02 Ekim 2024 Çarşamba - 12:54 Evladı dağa kaçırılan baba: “DEM Parti oğlumu PKK’ya sattı” Muş’ta çocuklarını terör örgütü PKK’nın pençesinden kurtarmak isteyen ailelere, 2015 yılında Malazgirt’ten dağa kaçırılan Mehmet Can Çiçek’in babası Mehmet Sena Çiçek de katıldı. DEM Parti önünde evlatlarına teslim olmaları çağrısında bulunan 46 aileye, bir destek de Malazgirt’ten eyleme katılan Çiçek ailesinden geldi. Her geçen gün sayıları artarak güç kazanan ailelerin kararlı bekleyişi ise sürüyor. Parti binası önüne gelerek DEM Parti ve PKK’dan çocuklarını isteyen anneler, evlatlarına geri dönmeleri için çağrıda bulunarak; "Yavrumu verin bana", "Anneler direniyor", "Artık yeter, bırakın evlatlarımızı" ve "Artık yeter, yakamızdan düşün" yazılı dövizler açtı. Evlat nöbetine yeni katılan Mehmet Sena Çiçek, 2015 yılında oğlu Mehmet Can Çiçek’in dağa kaçırıldığını ifade ederek, “Ben onun geri dönmesini istiyorum. Onu götürenler, onu geri getirsinler. Onun ve tüm arkadaşlarının gelip devlete teslim olmasını, evine, yuvalarına kavuşmasını istiyorum. Biz onun yolunu bekliyoruz, onun için bugün buradayız. O gelmeyene kadar da biz burayı terk etmeyeceğiz. Her zaman yolunu gözleyeceğiz. Onun gelmesini istiyoruz ve onun için de çalışacağız” diye konuştu. Oğlunun DEM Parti tarafından kaçırıldığını ifade eden Çiçek, “Onlar aracılık yapıyorlar. PKK’ya satmışlar mı ne yapmışlar bilmiyoruz. Herhangi bir haber gelmemiş. Biz onun geri gelmesini istiyoruz. Onu götürenler geri getirsinler. Biz onu bekliyoruz. İnşallah bir gün selametle geri gelecektir. Hiç kimseye zarar vermeden, ne kendisine ne başkasını zarar vermeden gelip devlete teslim olmasını istiyoruz” şeklinde konuştu. 9 yıl önce oğlunun Bursa’dan kandırılarak dağa götürüldüğünü ifade eden Ayten Koçhan isimli anne ise DEM Parti’den ve PKK’dan oğlunu istediğini söyledi. Oğluna teslim olması çağrısında bulunan Ayten Koçhan, “Dön geri yavrum.
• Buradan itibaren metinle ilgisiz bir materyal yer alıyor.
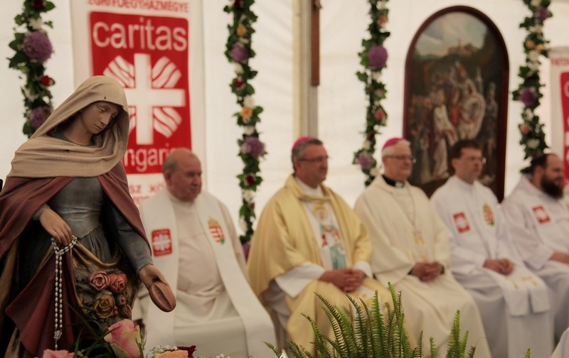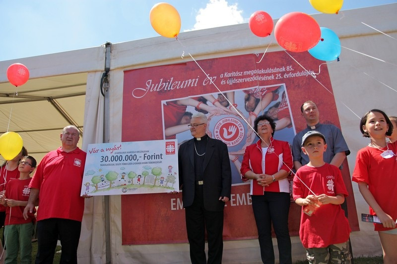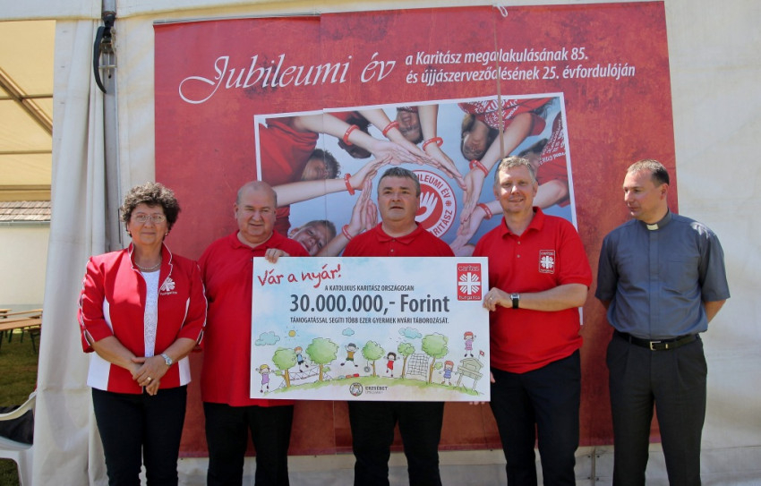 A szentmise után Spányi Antal püspök és Écsy Gábor, a Karitász országos igazgatója átadta a segélyszervezet jelen lévő egyházmegyei vezetőinek azt a 30 millió forintot jelképező utalványt, amelyet a következő hetekben a nyári táborokra fordítanak a csoportok.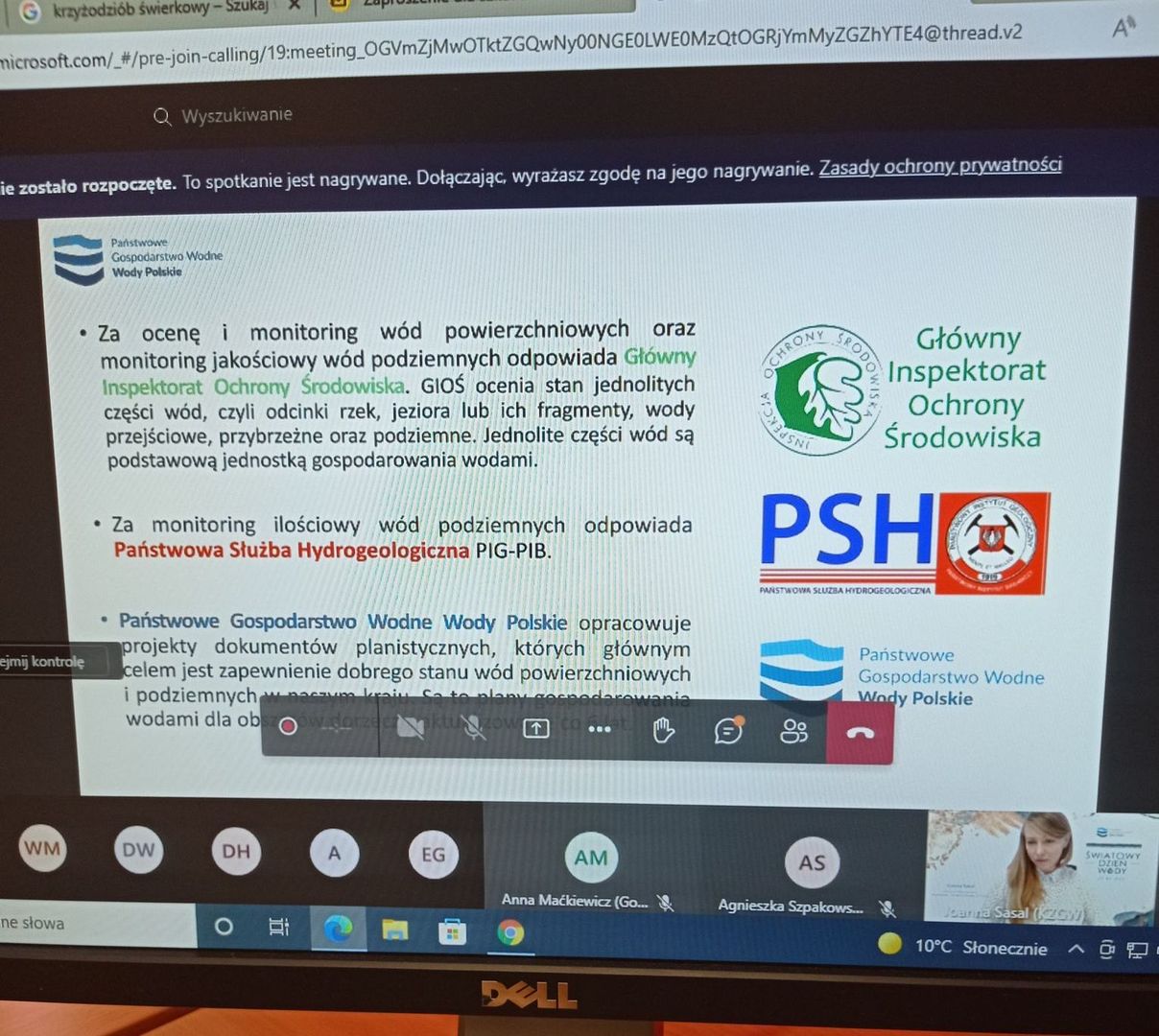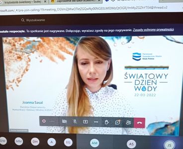 Z okazji obchodów Światowego Dnia Wody 22 marca 2022 uczniowie naszej szkoły uczestniczący w programie Aktywni Błękitni - szkoła przyjazna wodzie wzięli udział w lekcji edukacyjnej zorganizowanej przez Państwowe Gospodarstwo Wodne Wody Polskie. Spotkanie odbyło się na platformie Teams. Zajęcia przybliżyły uczniom znaczenie i sposoby ochrony zasobów wodnych ziemi.

Senin yolun yol değil oğul. Bu bizim davamız değil. İsrail’le Amerika’nın davasıdır, bizim davamız değil yavrum. Gel devletine sığın. Bütün evlatlara sesleniyorum. Yeter analar babalar ağladı. Gelin teslim olun. Dağların başında, taşların içinde, mağaralarda devlet kurulmaz. Bir bayrağımız var. Gelin devletimize sığının. Bir aile daha katıldı bugün. Bütün ailelere sesleniyorum. Hepimizin çocuğu gitmiş. Gelin bize destek olun. Gelin çocuklarınıza seslenin, belki dönerler. Gelsin teslim olsunlar. Yolları yol değil” şeklinde konuştu.